The following example describes an 'ICOP' chunk containing the string "Copyright Encyclopedia International.":

'ICOP' ('Copyright Encyclopedia International.'Z)
Notation Description
<number>[<modifier>] A number in Intel format, where <number> is an optional sign (+ or -) followed by one or more digits and modified by the optional <modifier>.

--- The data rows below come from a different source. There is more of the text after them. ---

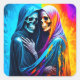Pegatina Cuadrada Esqueletos envueltos en un arcoiris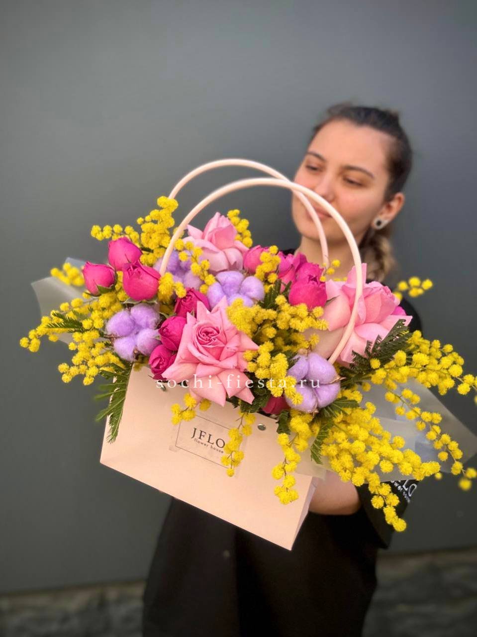 Розовые оттенки переплетаются с солнечными пушистыми шариками мимозы и белоснежным хлопком. Весенняя композиция в удобной сумочке дарит ощущение первых теплых дней и пробуждения природы.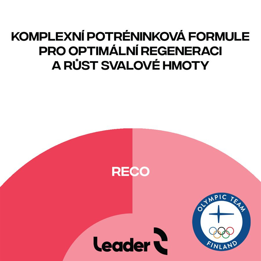 Leader Reco je navržený tak, aby pomohl tělu zotavit se po sportovním výkonu. Dlouhotrvající nebo náročný silový trénink tělo zatěžuje, proto potřebuje energii a stavební látky pro regeneraci. Reco obsahuje optimální množství kvalitního syrovátkového proteinu (původ Velká Británie) pro obnovu svalových vláken a dostatek kvalitních sacharidů pro obnovu svalového glykogenu. Reco dále obsahuje L-glutamin, L-leucin a kreatin, aminokyseliny podporující regeneraci a růst svalové hmoty.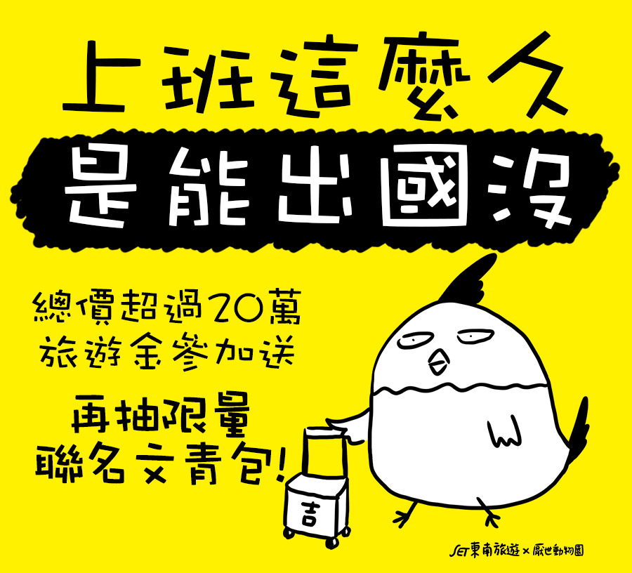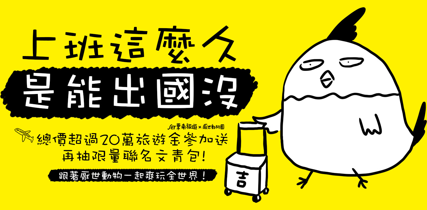 直接送《東南旅遊》x《厭世動物園》聯名文青手拿包,數量有限、送完為止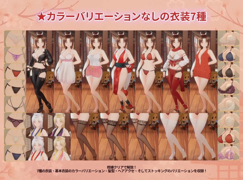 修練を重ねるたび、体位・コスチューム・ボイスが段階的に解放され、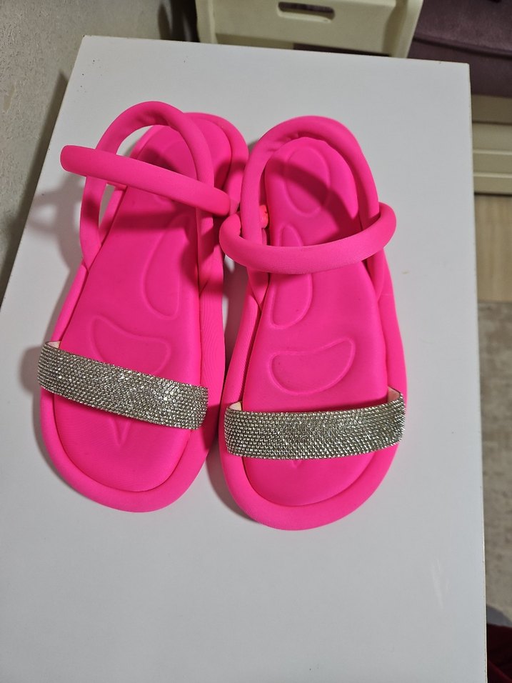 Pembe renkte, taşlı bant detaylı kadın sandalet. Kauçuk malzemeden üretilmiş, sokak modası ve günlük kullanım için uygundur.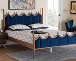 - Julian Royal Blue Velvet Fabric and Walnut Brown Wood Queen Size Platform Bed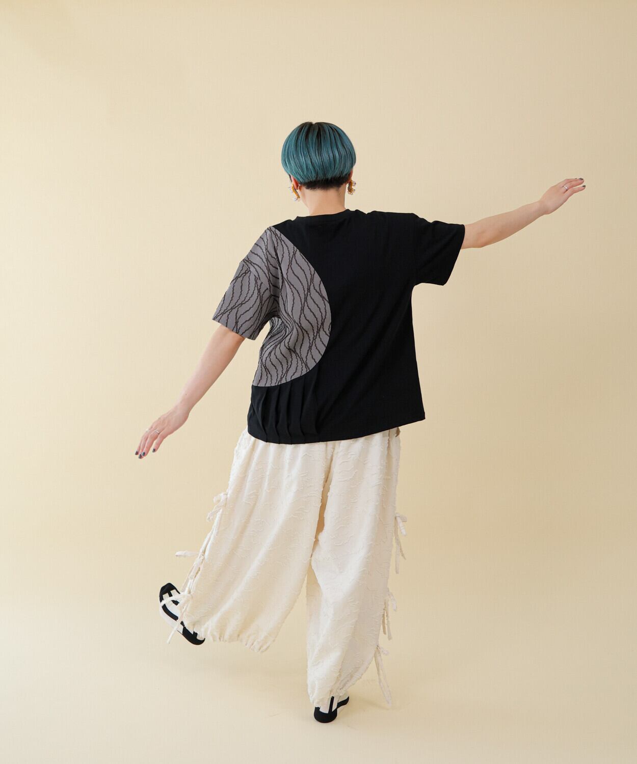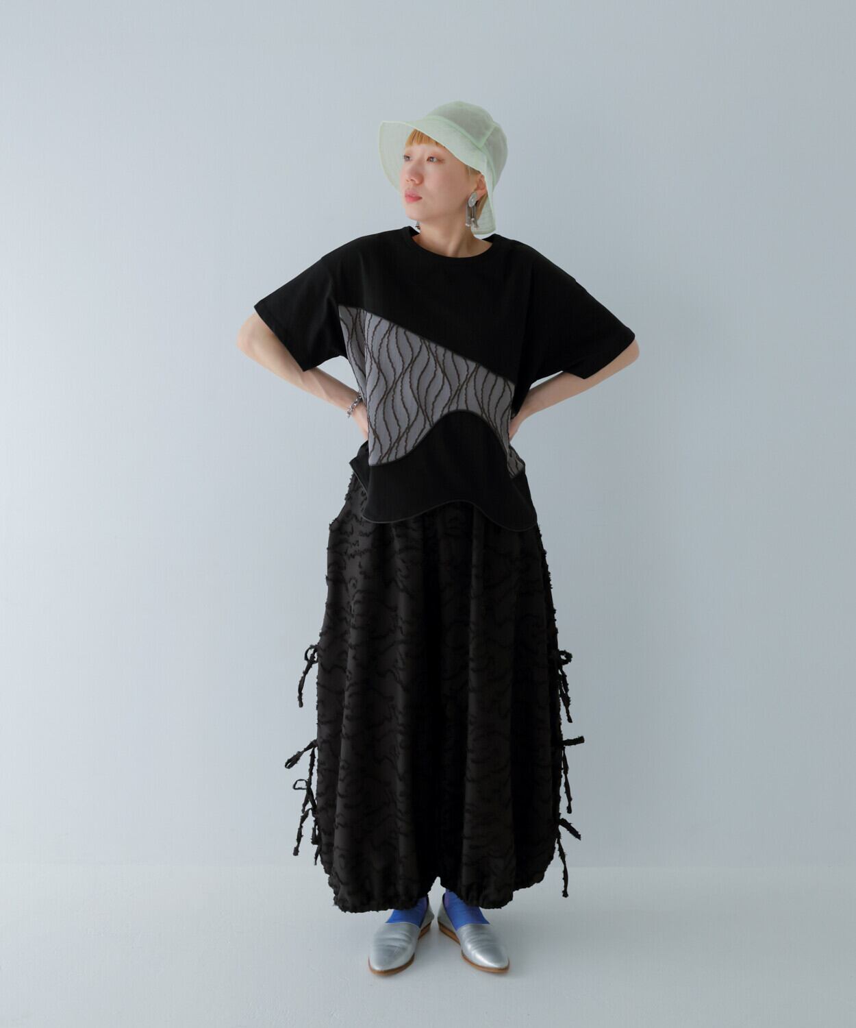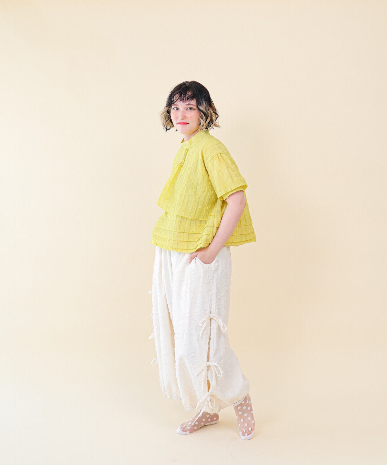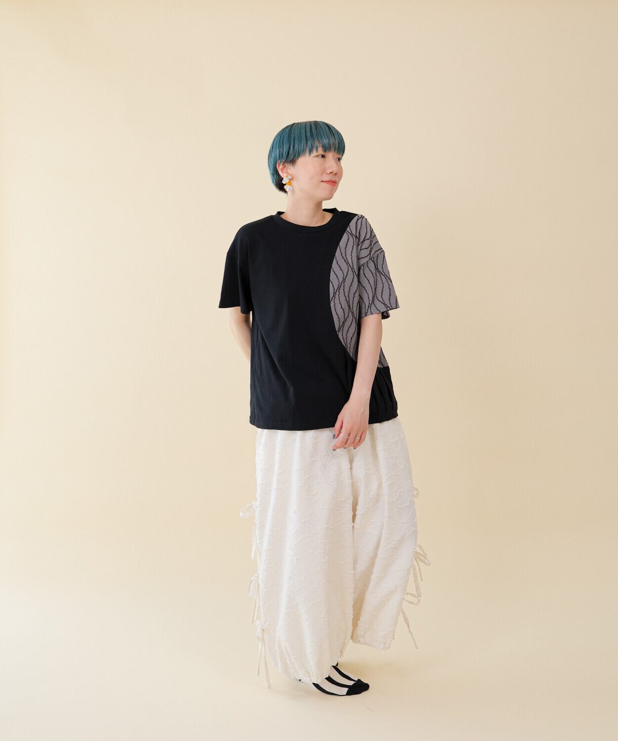 These pants feature a charmingly voluminous silhouette. The vertical ribbon detail adds cuteness even to the sides. The textured fabric is lightweight, quick-drying, and comfortable. Despite the long length, these pants are perfect for staying cool and stylish in hot summer weather.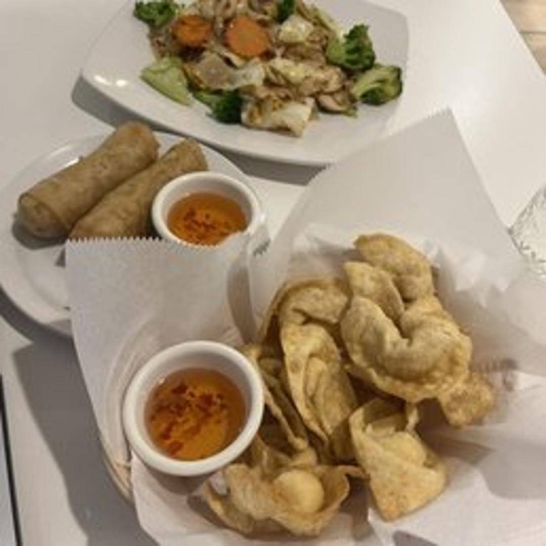Deep-fried vegetable spring rolls served with a sweet and sour dipping sauce.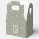 Com uma paleta colorida de marfim a musgo primavera verde e escuro, esta coleção de casamento apresenta uma letra escrita manuscrita e sotaques de folha de eucalipto para adicionar aquele maravilhoso toque moderno. A caixa coordenadora de favores mostrada aqui tem tudo acima com um padrão de folha impressionante em sábado claro, seguido pelas suas iniciais e data de casamento em um quadro de cor branca. Procure ID901 para ver outras opções de cores e peças de coordenação para esta coleção de casamento única.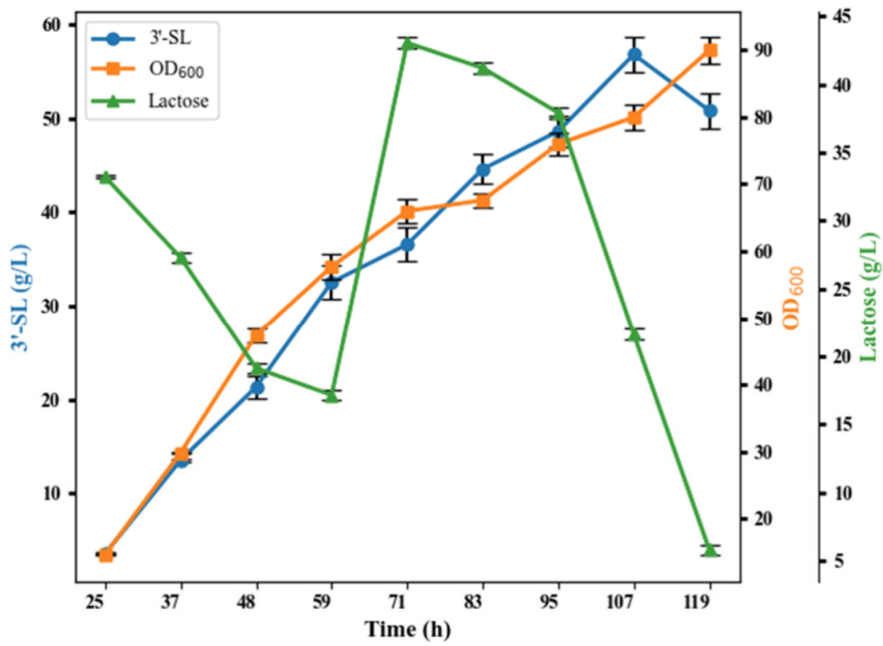 3′-SL是母乳低聚糖的重要组成部分,在促进婴幼儿肠道健康、免疫调节及脑发育等方面发挥关键作用,广泛应用于婴儿配方奶粉和营养保健品领域。然而,传统的3′-SL合成工艺面临成本高、产量低等瓶颈,难以满足市场的规模化生产需求。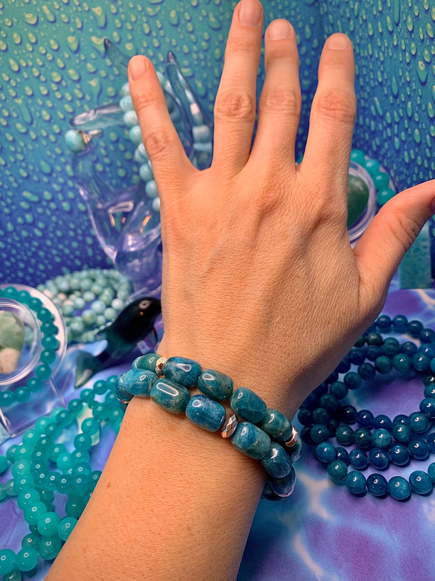 Apatite Bean 🫘 Bracelet with Rose Gold Hematite Spacers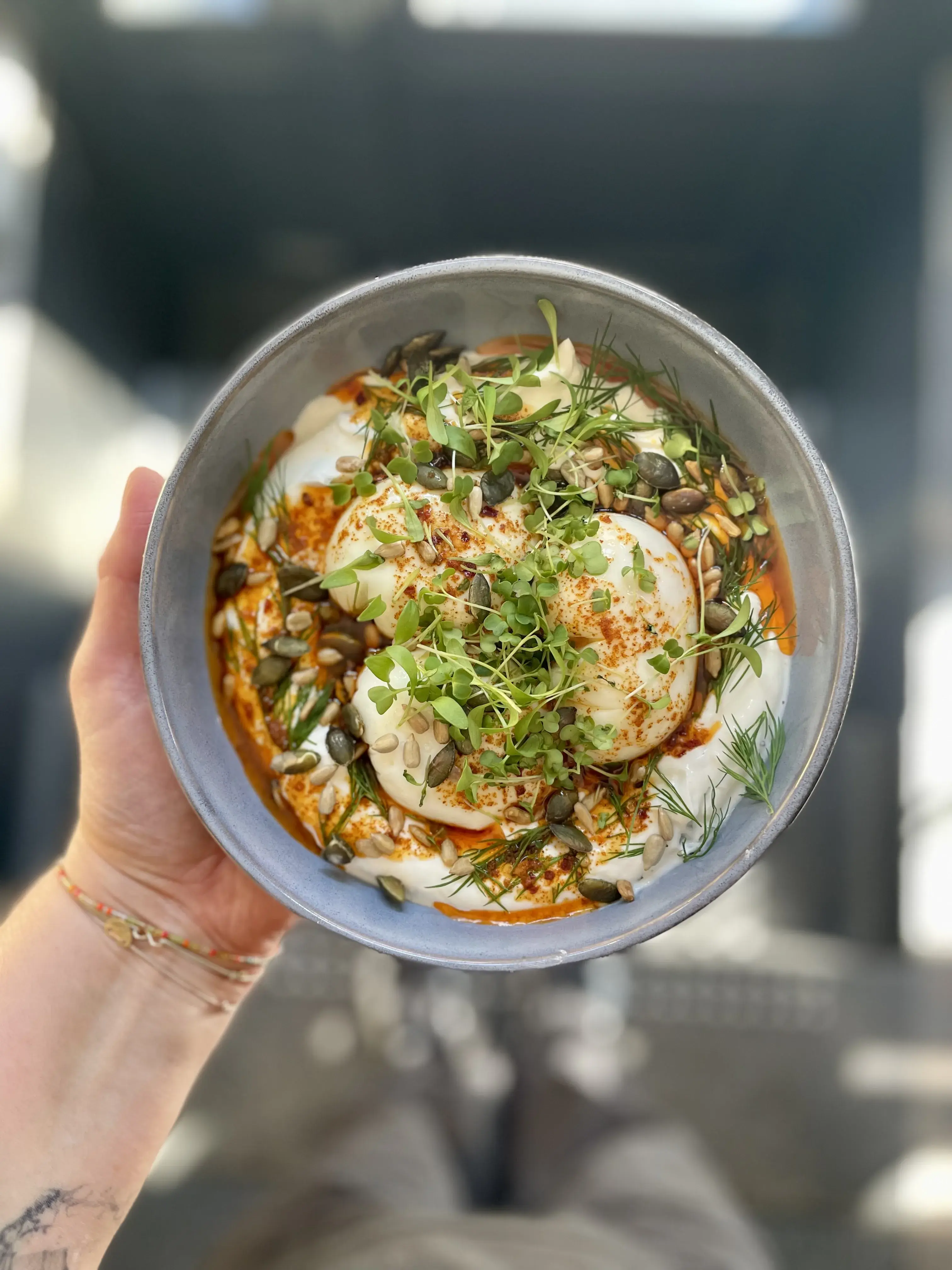 Na 2 porce budete potřebovat: 1 hrst máty, 1 hrst kopru, 1 stroužek česneku, 200 g řeckého jogurtu, 4–6 vajec, 50 g másla, 1 lžičku drcených chilli papriček, 1 lžičku uzené papriky, opražená dýňová a slunečnicová semínka, mikrobylinky, sůl, pečivo k podávání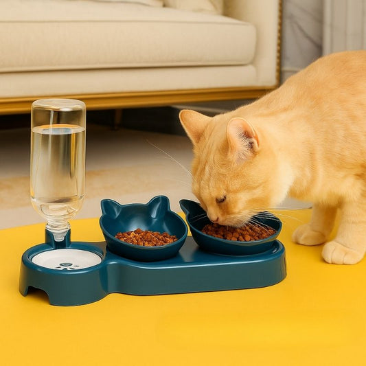 Gamelle chat design 3-en-1 avec distributeur | SnackyBowl™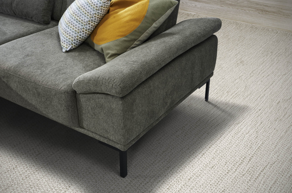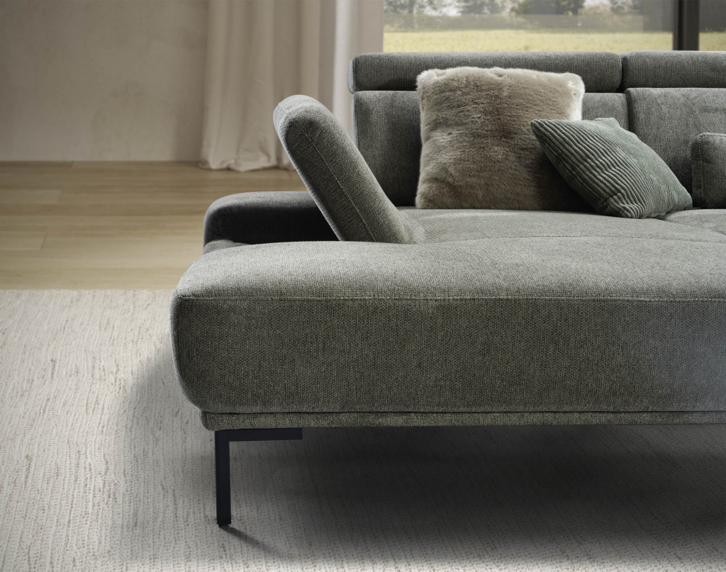 Stoff Mito Fb.156 hunter, Sitzqualität Soft, Sitzfläche S1 glatt, Rücken echt, Fuß 4.26-18 cm Farbe schwarz, Sitzhöhe ca. 44 cm, bestehend aus: 70100 - Longchair inklusive in der Sitzfläche integriertes klappbares Armteil, ca.115x185 cm 02111 - Element 2sitzig, Armteil fest, inklusive 2x Sitztiefenverstellung, ca.185 cm Stellmaß ca. 185x300 cm
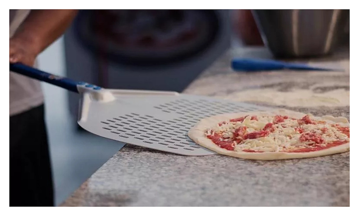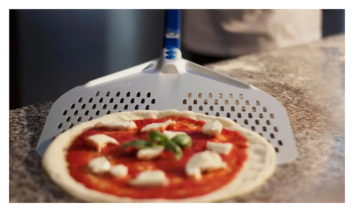 Лопата GiMetal A-50RF серии Azurra используется на предприятиях пищевой промышленности, общественного питания и торговли для загрузки, выгрузки и поворачивания в процессе приготовления в печи пиццы и других хлебобулочных изделий. Модель оснащена головкой прямоугольной формы и длинной рукояткой. Головка изготовлена из высококачественного нейтрально анодированного алюминия с выполненной методом лазерной проточки перфорацией, рукоятка и заклепки – из анодированного алюминия с покрытием лазурно-голубого цвета. Особенности: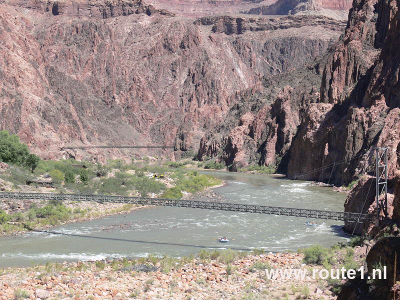 De trail wordt er niet beter op, soms steken de spijkers die de balken moeten vasthouden zo'n 10 centimeter uit en dat betekent dat of de balken zijn uitgesleten of de grond is ingedaald maar het loopt niet echt makkelijk. Bij de kruising met de Tonto trail om 10:23 en maken dankbaar gebruik van het toilet bij de Tipoff. Hiervandaan kunnen we Plateau Point zien waar we hopen te kamperen. We nemen nog wat calorieën en gaan verder en moeten opzij voor een mule train die waar dan ook op de trail voorrang hebben. Het uitzicht is spectaculair en dan is opeens de Kaibab Bridge in zicht. Hij lijkt verraderlijk dichtbij en het zal nog wel een uur duren voordat we daar zijn. Als we bij het water komen valt meteen op dat de waterstand veel lager is dan normaal. Kon je eerder meteen na de brug je voeten in het water afkoelen, nu ligt de waterrand flink verderop.

Valid <modifier> values follow:

Modifier Meaning
None 16-bit number in decimal format
H 16-bit number in hexadecimal format
C 8-bit number in decimal format
CH 8-bit number in hexadecimal format
L 32-bit number in decimal format
LH 32-bit number in hexadecimal format

Several examples follow:

0
65535
-1
0L
4a3c89LH
-1C
21CH

Note that -1 and 65535 represent the same value. The application reading this file must know whether to interpret the number as signed or unsigned.

Notation Description
'<chars>' A four-character code (32-bit quantity) consisting of a sequence of zero to four ASCII characters <chars> in the given order. If <chars> is less than four characters long, it is implicitly padded on the right with blanks. Two single quotes is equivalent to four blanks.

Examples follow:

'RIFF'
'xyz'
''

<chars> can include escape sequences, which are combinations of characters introduced by a backslash (\) and used to represent other characters. Escape sequences are listed in the following section.

Notation Description
"<string>"[<modifier>] The sequence of ASCII characters contained in <string> and modified by the optional modifier <modifier>. The quoted text can include any of the escape sequences listed in the following section.

Valid <modifier> values follow:

Modifier Meaning
none No NULL terminator or size prefix.
Z String is NULL-terminated
B String has an 8-bit (byte) size prefix
US String has a 16-bit (ushort) size prefix
BZ String has a byte-size prefix and is NULL-terminated
WZ String has a word-size prefix and is NULL-terminated

NULL-terminated means that the string is followed by a character with ASCII value 0. A size prefix is an unsigned integer, stored as a byte or a word in Intel format preceding the string characters, that specifies the length of the string. In the case of strings with BZ or WZ modifiers, the size prefix specifies the size of the string without the terminating NULL.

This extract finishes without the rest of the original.